What happens at the Comm Ball stays at the Comm Ball….except Herpes. That stuff will follow you home.

Well girls and boys weren’t we lucky this week with opportunities to put on pretty dresses and suits and pretend we’re respectable people. That’s right it was the wonderful time of year for The Comm Ball. For Commerce people it is the highlight of the social year…for non-commerce people, it is a great opportunity to slag Comm heads for actually believing it’s the social highlight of the year. It is fun though….I think? I’m not sure. I don’t really remember.

This year the people over in Commerce Society HQ (*I’m imaging they work in some sort of evil manor on top of a creepy hill cackling with insanity from all the power*) went for a Vegas theme for the ball. Oh viva las Vegas…or well Viva las Rochestown to be more precise. This theme I must say was carried out with great detail. From blackjack tables to questionably gendered and skimpily dressed she-males to a woman with a snake wrapped around her, the theme was definitely in place. Oh, and if you hadn’t figured out the theme was Vegas by this stage you’re an idiot and you deserve to read my blog. Be gone! The most obvious clue to the theme was our tickets being poker chips…as I said if you hadn’t figured things out by now…seriously just leave.

Bowels full of hallucinogenic goodness.
Now to the most important thing; the drink. Yes, there was drink. Drink was drank and drinkers became drunk. It’s quite simple really. And boy did we get drunk. Firstly we were greeted with a champagne reception; which was all terribly eloquent. Granted the majority of champagne drinkers struggling to balance the glass and the naggins hid in various places across their bodies made the reception slightly less fancy…but only slightly. Then throughout the dinner wine was a-flowing and we were a-drinking. This of course helped enhance the flavours of our meals and the interest in our company and all in all make the meal a great success. Then we hit the motherload of complimentary drinks at this lovely ball of ours. The fishbowels. Now to those who are unaware of what fishbowels are if not just to act as a home to your pet goldfish; fishbowels are large bowels of potent cocktails who’s sole purpose in life is to brutally massacre any sense of dignity and/or ability to speak. Mission accomplished fishbowels. Mission accomplished. So yes upon arrival of those bowels we, being the lovely dressed up ladies and gentlemen that we were, immediately stood up and turned what should be a casual cocktail into a downing race of epic proportions. Then we repeated with two more bowels….then things get terribly hazy. Funny that.

So yes the Ball was a great success. An opportunity to look at everyone all dolled up (and creep on the beautiful boys in suits) and converse with all your classmates in the closest we’re ever going to get to a Vegas casino. Inevitably people will have exchanged words that will regret the following morning, swapped salvia with some questionable choices and if you were terribly unfortunate, complete a walk of shame the next morning complete in ball gown and hickees.

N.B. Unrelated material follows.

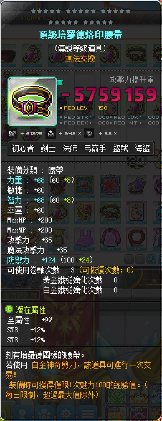 道具 【頂級培羅德腰帶】 【IZCR】頂級培羅德腰帶 33% 力量 『A13』

Now in case the title of this ball confuses you there is a reason behind it. The Comm society for all their merits in throwing a great party shamed us all with their truly terrible tag line. ‘What happens at the Comm Ball stays at the Comm Ball’. Just typing that is embarrassing. We know full well what happens at the Comm Ball will be gossiped, joked about and tagged in photographic evidence the following morning. What happens at the Comm Ball will follow you around like those bad hickees you let that girl from your economics class give you. Deal with it. And heck, if you’re lucky enough to be final years you can try to just avoid said vampire girl for the rest of your remaining days. Good luck with that!

(Don't say you haven't been warned: http://www.youtube.com/watch?v=Nre-qydGY44 )

But yes to conclude; we had a ball……… (*oh that was a terrible pun. Forgive me.)

3 comments:

  1. The good old Comm Ball! Oh the memories... if only we had some! According to my photos it was a really good night!
    What happens at the Comm Ball... is recorded in photo form and used to piece the night's events together the following morning! Not as catchy but very true!
    Drinking out of something larger than your own head is never good!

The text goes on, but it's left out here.